Transistor hfe

[sureshot]

As a starting point I will go with 200 ohms 0.5W and a 1% tolerance resistor. As the maximum base voltage is 5 Volts for the MJ11015 transistor, 1 Volt to turn it on seems very low. And 5mA current for the l7812 also seems very low.

As I don't understand transistor physics very well.... At one end of the extreme I've been told 25 ohms 0.5W will drop 2.5 Volts across R7, and a current of 100mA. And at the other higher end of the spectrum I'm told 200 ohms 0.5W will drop 1 Volt across R7 and a current of 5mA.

The less work for the regulator l7812 sounds good, if 1 Volt is sufficient to turn the transistor on. But as there where doubts that 25 ohms 0.5W would turn on the MJ11015 transistor, I'm at a loss in understanding how lower input values (Voltage and current) would drive it.

 

[sureshot]

Well there's got to be a starting point somewhere, and a do remember 5mA on the input of the l7812 with the TIP2955 transistors. I think I get confused on the input current and output current of the l7812 I'm sure that's where I'm going wrong. Anyway I see at 200 ohms 0.5W nothings going to go pop bang, so from there I can only come down in resistance if its needed, hopefully not. Its a taste it and see thing I think. As said before, and in case anyone else is contemplating this circuit, I will post some practical results after building it.
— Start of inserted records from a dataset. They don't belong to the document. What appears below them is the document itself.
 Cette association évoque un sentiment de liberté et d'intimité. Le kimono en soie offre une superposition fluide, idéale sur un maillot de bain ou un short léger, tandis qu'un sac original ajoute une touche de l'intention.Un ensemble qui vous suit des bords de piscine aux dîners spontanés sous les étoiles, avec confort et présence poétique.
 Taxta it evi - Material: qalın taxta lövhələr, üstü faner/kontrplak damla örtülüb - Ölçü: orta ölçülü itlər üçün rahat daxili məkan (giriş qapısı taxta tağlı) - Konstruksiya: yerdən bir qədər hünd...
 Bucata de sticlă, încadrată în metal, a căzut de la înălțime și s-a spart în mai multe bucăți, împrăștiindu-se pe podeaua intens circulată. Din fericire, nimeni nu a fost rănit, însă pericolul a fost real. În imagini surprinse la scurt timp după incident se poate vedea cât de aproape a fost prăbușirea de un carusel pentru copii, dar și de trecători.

Thanks again for your help, that's for everyone !

 

[sureshot]

I know this thread seems a bit dragged on... But I will do the practical stuff in the next few days.

I've looked at the quiescent current for the lm7812 and the 78S12cv the 2 Amp regulator, and there quiescent current is 5mA@12 V and [email protected] V so the current through a 200R resistor is unlikely to turn on the transistor forward bias at such low levels ? Is the current borderline or have I got it wrong there ? I will do the practical in a day or so, although it would be good to get the value of R7 right first time.

 

[AnalogKid]

I've looked at the quiescent current for the lm7812 and the 78S12cv the 2 Amp regulator, and there quiescent current is 5mA@12 V and [email protected] V so the current through a 200R resistor is unlikely to turn on the transistor forward bias at such low levels ?
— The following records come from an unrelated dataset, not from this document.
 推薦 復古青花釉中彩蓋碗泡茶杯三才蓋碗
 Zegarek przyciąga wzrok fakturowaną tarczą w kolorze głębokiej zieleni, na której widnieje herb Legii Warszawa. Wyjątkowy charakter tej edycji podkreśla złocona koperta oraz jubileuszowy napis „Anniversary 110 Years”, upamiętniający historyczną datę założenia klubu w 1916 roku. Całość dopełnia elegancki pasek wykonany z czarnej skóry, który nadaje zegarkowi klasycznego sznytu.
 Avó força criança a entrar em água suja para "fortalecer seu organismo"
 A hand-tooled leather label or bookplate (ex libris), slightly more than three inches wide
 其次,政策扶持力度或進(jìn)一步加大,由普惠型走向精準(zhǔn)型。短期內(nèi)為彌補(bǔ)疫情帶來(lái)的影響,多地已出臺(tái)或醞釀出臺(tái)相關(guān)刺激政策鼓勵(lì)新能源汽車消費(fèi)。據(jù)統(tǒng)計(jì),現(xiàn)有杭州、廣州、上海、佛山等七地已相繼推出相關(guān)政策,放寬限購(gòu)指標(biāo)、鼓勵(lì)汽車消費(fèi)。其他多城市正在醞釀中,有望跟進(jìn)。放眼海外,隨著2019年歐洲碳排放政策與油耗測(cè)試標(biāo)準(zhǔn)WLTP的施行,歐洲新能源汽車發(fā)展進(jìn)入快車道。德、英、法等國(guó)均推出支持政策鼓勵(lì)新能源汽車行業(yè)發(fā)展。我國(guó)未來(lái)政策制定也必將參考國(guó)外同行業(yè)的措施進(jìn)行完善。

True, but don't care. The current boosting external transistors do not have to be active in the circuit all the time, just when *you* want to take some of the thermal and current load off of the 7812. When that happens is a design tradeoff, not some hard and fast design rule. That is why I recommended setting R7 so the external transistors came on at a higher current level. I think pushing the circuit such that the boost transistors come on at very low currents is a mistake.

ak

 

[(*steve*)]

yeah, but it will only have 2.5 volts across it at pretty huge currents.

As an example if you have 2 Darlington transistors with 0.1 ohm emitter resistors then they will each be dropping about 1.2 volts, equating it to 12A through each of the transistors.

 

[AnalogKid]

As I don't understand transistor physics very well.... At one end of the extreme I've been told 25 ohms 0.5W will drop 2.5 Volts across R7, and a current of 100mA. And at the other higher end of the spectrum I'm told 200 ohms 0.5W will drop 1 Volt across R7 and a current of 5mA.
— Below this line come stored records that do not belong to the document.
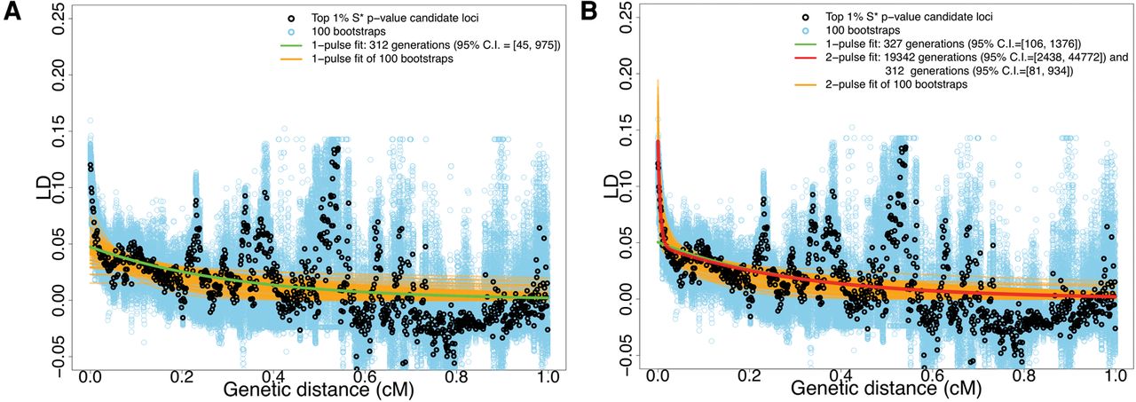 Decay of pairwise LD with respect to genetic distance for SNPs ascertained from the top 1% candidate introgressive loci. Black and blue dots are the average estimated LD among pairs of SNPs binned using genetic distance (in 0.001 cM increments) using real data and 100 bootstraps, respectively. The genetic distance is calculated based on the HapMap Yoruba map (The International HapMap Consortium 2007). For the cases of using the African American map (Hinch et al. 2011), see Supplemental Figure S10. The green curve is the fit of a single exponential using the data, while the red and orange curves are the fits of two exponentials using the real data and 100 bootstraps, respectively. (A) Fitting LD decay within genetic distance 0.02–1 cM. (B) Fitting LD decay within genetic distance 0.002–1 cM.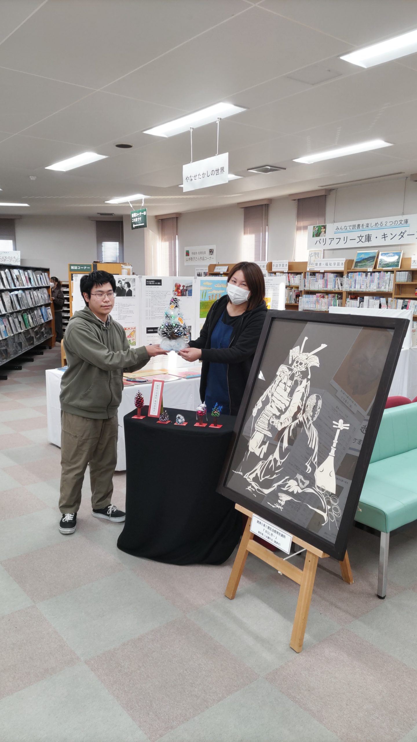 昨年に引き続き系列校の静岡福祉大学内にある図書館に大きめの松ぼっくりツリーとミニ松ぼっくりツリーをプレゼントさせていただき、今注目をされている小泉八雲の耳なし芳一の切り絵と共に館内の目立つ場所に展示もしていただきました。また今回も昨年に引き続き2年前に本校美術部を卒業した福岡宙樹さんが在学中の福祉大学へ届けてくれ、さらに図書館の村瀬さんと共に写真も撮っていただくことができました。今回届けてくれた福岡さんにも感謝をしつつ、今後も引き続き図書館とさまざまな活動を行なっていきたいと思います。そして最後に、本当に福祉大学の図書館の方々多にはいつも感謝をしております。ありがとうございます。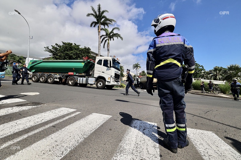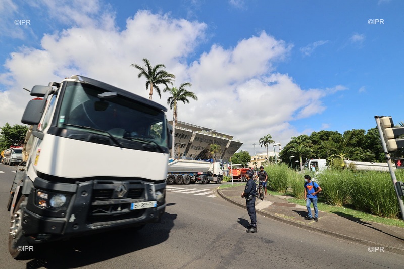 Selon nos informations, les transporteurs évoluent en convoi et se dirigent vers la Route du littoral. Après être passés par le boulevard Lancastel, ils sortent du Barachois et se trouvent actuellement au niveau du pont de la Rivière Saint-Denis.
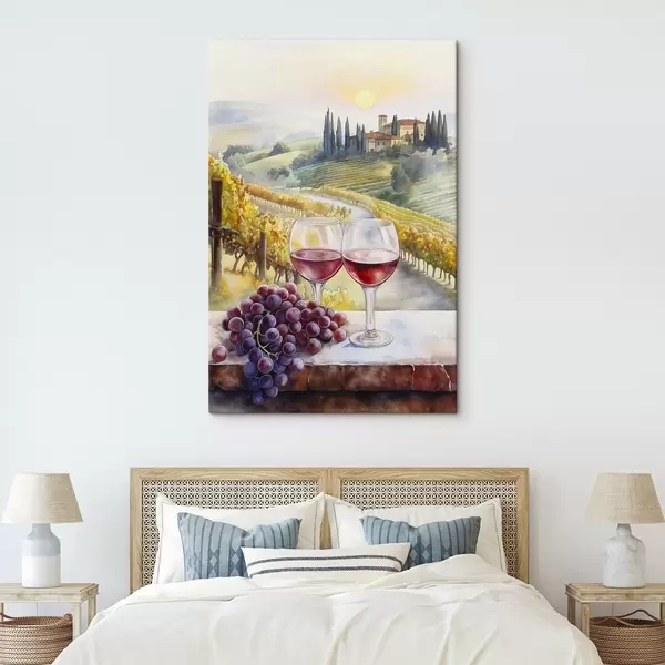 Wandbilder Sonnenuntergang in der Toskana, Weingut, alte Architektur, Aquarellstil, Italien Art. s42446

True and true. It's resistor physics:

E = I x R
1 V = 0.005 x 200
2.5 V = 0.1 x 25

Again, it is your call.

*Decide* the 7812 current level at which you want the boost transistors to start to conduct. Note that this is not an instant thing; the transistors will assume more and more current as the voltage across R7 increases because the conduction "knee" of the base-emitter junction is not very sharp and it is softened even more by the ballast resistors.

*Determine* the voltage that starts conduction from the boost transistor datasheet.

*Calculate* R7.

*Calculate* the current through R7 at full circuit load, and hence the peak power dissipation in R7.

ak

 

[sureshot]

Thanks for coming back guys ! I see 2.5 Volts @ 100 mA, and 1 Volt @ 5mA. Which will work ! I'm not sure yet, I understand ohms law, and some basic formulas. But when I sit there trying to diggest transistor formula and physics its just not happening, not from text anyway

I can't see where Steve got 12 Amps from ? I think both senarios are the input current the regulator dissipates... Think that is ! What are the pros and cons of 2.5 Volts @ 0.100mA over 1 Volt @ 0.005mA ? One means the regulator turns the transistors on later, whilst the regulator does the early work. The other means the transistors are turned on early, and the regulator works far less hard.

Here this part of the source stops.